As was the case yesterday, today’s forecast denies any chance of rain. It’s an aberration this time of year; normally, we would be in for at least one small shower, perhaps more, throughout the afternoon. This year, all bets are off.
Even so, unlike yesterday’s brilliant clarity, this day has dawned beneath a veil of gray clouds. Even as the air carries a sharp autumnal edge, the feel of water not far above us is a tangible thing.
In other words, it’s a perfect day for today’s featured throwback: one of Wings’s collectible works from about nine years or so ago.
It’s a miniature collector’s spoon, one of a whole series that he created over the course of several years, roughly from 2008 to 2011 or so. This one was always one of my favorites, not merely for the cobalt cabochon at the end of the handle, but for the imagery that dances down its surface like a cascade of raindrops.
But, as always, the work begins with form and shape.
Wings cuts his spoons freehand from a sheet of sterling silver. It’s not an especially easy of quick process: For collector’s spoons, the silver needs to be of a sufficiently substantial gauge, much like the thickness of an ordinary spoon, and they are not cut out with anything approaching shears, but rather, with an exceedingly small jeweler’s saw. The basic outline requires more shaping and detail work, but first comes the stampwork.
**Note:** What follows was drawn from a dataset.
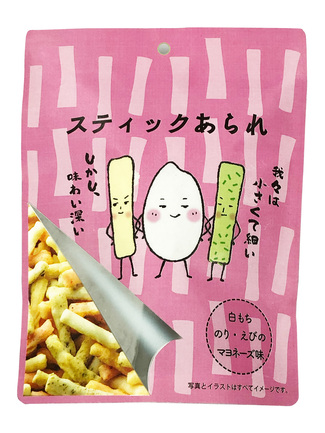 白もち、青のり、えびの三種類でステック状でサクッとマヨネーズ味で仕上げました。

In this instance, he chose primarily water- and storm-related patterns for the accents: A pair of half-moon-like crescents, back to back, at the tip of the handle, like the lunar pull of the tides; two pairs of arrowhead-like shapes arrayed facing each other, creating, symbolically, a remarkably cloud-like formation. Beneath them, he placed a single stylized heart — heart of the sky and heart of the storm, yes, but more to the point, a sign of the spirits’ love for us in the form of the rain. Then he returned to the thin crescent pattern, creating a chased design down the length of the handle, each crescent back to back and end to end, linked in an inverse/obverse rhythm — taken together, a symbol of flowing water. On the open side of each crescent, he placed a single tiny hoop, a symbol of the rain, each drop cascading down the handle to flow into what would become the bowl. The bowl itself featured a winged vortex-like symbol, out of which emerged four arrows: thunder, wind, and storm itself, delivering Thunderbird’s gift, bolts of lightning.
Once the stampwork was complete, it was time to finish shaping the spoon itself. Wings turned it over and hammered the bowl over a small raised (obverse) anvil, repoussé-fashion, to turn the flat oval disk at the end into a three-dimensional spoonbowl. Once the shape was finalized, he filed the edges by hand all the way around, beveling them slightly and turning the roughened metal silky smooth. Finally, he soldered a plain, low-profile bezel in the shape of a square to the end of the handle, and set it with a beautifully intense cobalt blue cabochon of lapis lazuli.
This was one of Wings’s earlier spoons, and it sold right away— no surprise to me, given the imagery and the beauty of the stone and the way it all flowed together. If memory serves, it sold about this time of year: the raining season, the time when the water flows freely — rain cascading downward from the sky, racing on the wind and across the surface of the earth.
As the symbolism of the tiny heart on the handle attests, the rain, like this season, is a measure of the spirits’ love for us. It’s a lot to be contained in the bowl of a spoon.